Technologies for Monitoring Training Loads, Movement Patterns, and Injury Risks

A wide range of small attachable devices, garments, shoe insoles, equipment, and mobile applications have been developed to monitor biomechanical variables and training loads (Table 2). Among biomechanical sensors, many are based around accelerometer and gyroscope technology. Some of the devices that attach to the body provide basic information about body position, movement velocity, jump height, force, power, work, and rotational movement. This data can be used by biomechanists and ergonomists to evaluate movement patterns, assess musculoskeletal fatigue profiles, identify potential risk factors for injury and adjust techniques while walking, running, jumping, throwing, and lifting. Thus, these devices have application in sporting, military and occupational settings.


Table 2. Devices and garments for monitoring training loads, movement patterns, and injury risks.

Among these devices listed in Table 2, the I Measure U device is lightweight, compact and offers the greatest versatility. Other devices and garments provide information about muscle activation and basic training metrics (e.g., steps, speed, distance, cadence, strokes, repetitions etc). The mPower is a pod placed on the skin that measures EMG. It provides a simple, wireless alternative to more complex EMG equipment. Likewise, the Athos garments contain EMG sensors, but the garments have not been properly validated. It is debatable whether the Sensoria and Dynafeed garments offer any more benefits than other devices. The Mettis Trainer insoles (and Arion insoles in development) could provide some useful feedback on running biomechanics in the field. None of these devices have been independently tested to determine their validity or reliability. Until such validity and reliability data become available, these devices should (arguably) be used in combination with more detailed motion-capture video analysis.

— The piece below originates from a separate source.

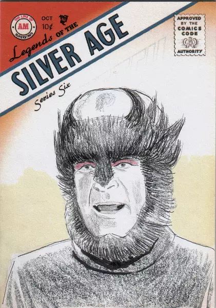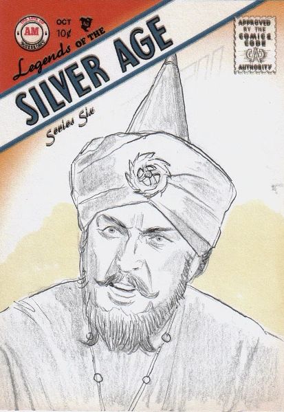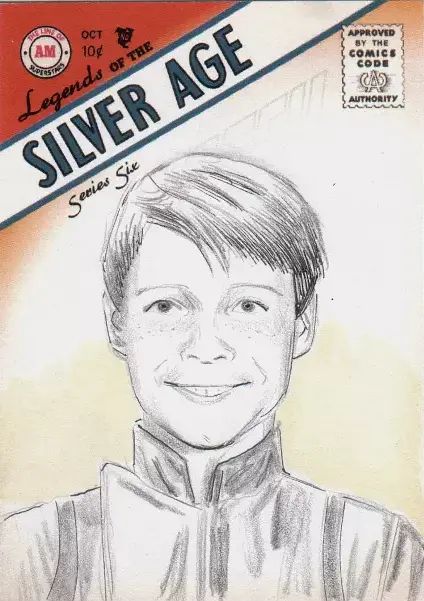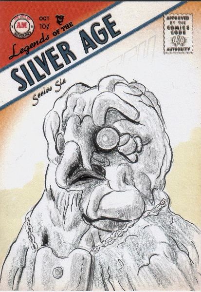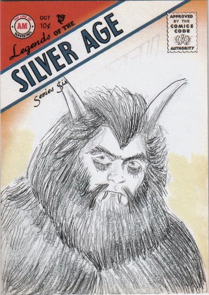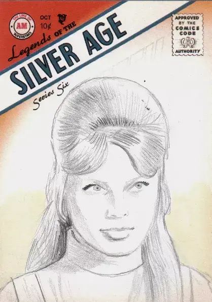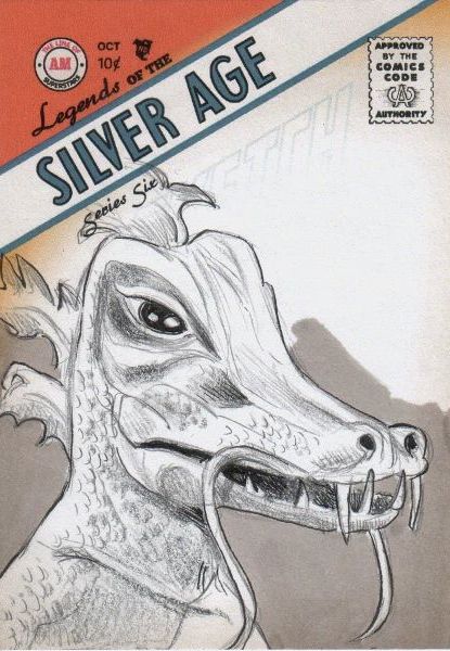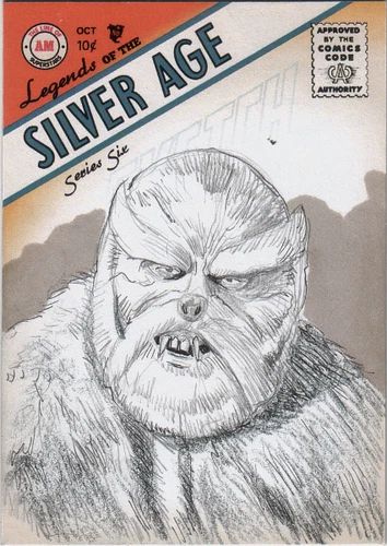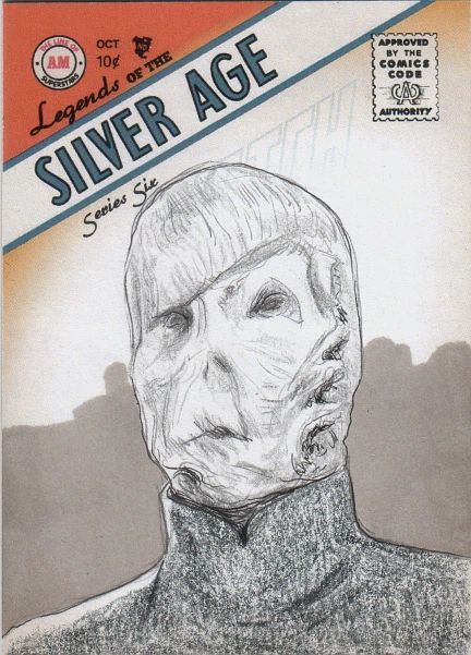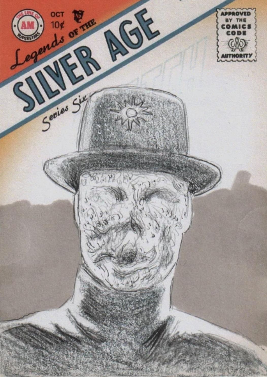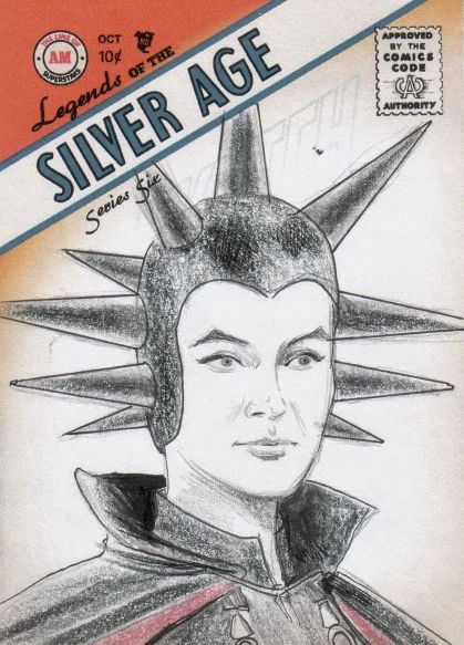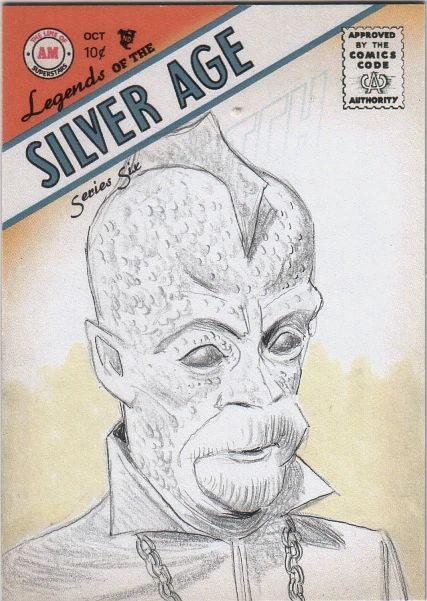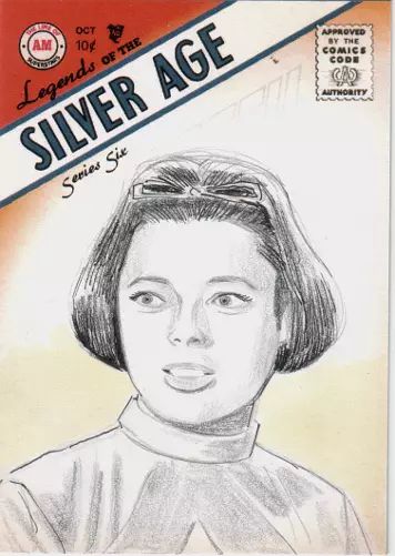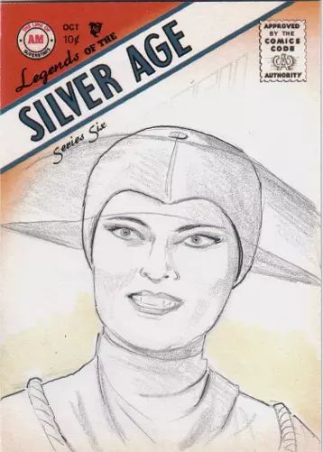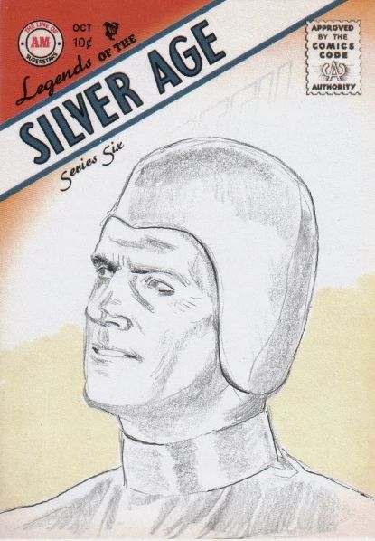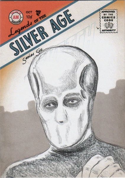 From Acheron Mint's Legends of the Silver Age Sketch Collection, feat Legends of Silver Age Comics Ink and Prismacolor on 2 x 3 inch card stock. Lightfast and acid-free, will not fade with age. This is an original hand drawn sketch and not a print, numbered on reverse. Classic retro era design based on Silver Age DC's.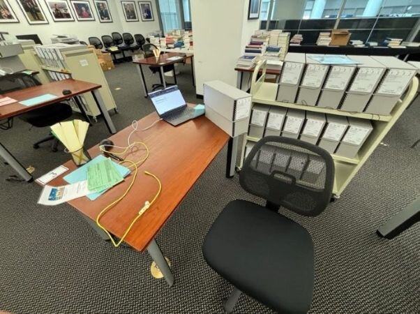 その日初めて入室する際は必ず日付、入室時間、名前を所定の用紙に記入してから、割り当てられた席にて作業を開始することになる。アーキビストは常時いるため、いつでも相談にのってもらえる。筆者の場合、事前に閲覧したい文書群のリストをメールにて送付していたので、アーキビストが事前に請求用紙(Slip)への記入と資料Boxの引き出しを済ましておいてくれた。資料カートは1台分を閲覧し終えるごとに交換する。なお閲覧時のルールについては上記のオンライン・オリエンテーションで学ぶことになるので、ここでは省略する(国立公文書館やその他の大統領図書館と基本的には同じ)。鉛筆、パソコン、スマートフォン、デジタルカメラ、三脚は持ち込み可能である(閲覧室にはWi-Fiがある)。そして一日の作業が終われば、アーキビストに現在使用中のカートをそのまま翌日も利用するか、返却して翌朝には新たなカートを用意してもらうかを伝えたうえで、退出時間を所定の用紙に記入し、スタッフ付き添いのもとで図書館の出口まで行くことになる。

Various mobile applications have been developed for recording and analyzing training loads and injury records (Table 2). These applications include a wide range of metrics that incorporate aspects of both physical and psychological load. The Metrifit application provides users with links to related unpublished research on evaluating training stress. Many of the applications record and analyze similar metrics, so it is difficult to differentiate between them. The choice of one particular application will most likely be dictated by individual preferences. With such a variety of metrics—which are generally recorded indirectly—it is difficult to perform rigorous validation studies on these products. Another limitation of some of these applications is the large amount of data they record and how to make sense of all the data.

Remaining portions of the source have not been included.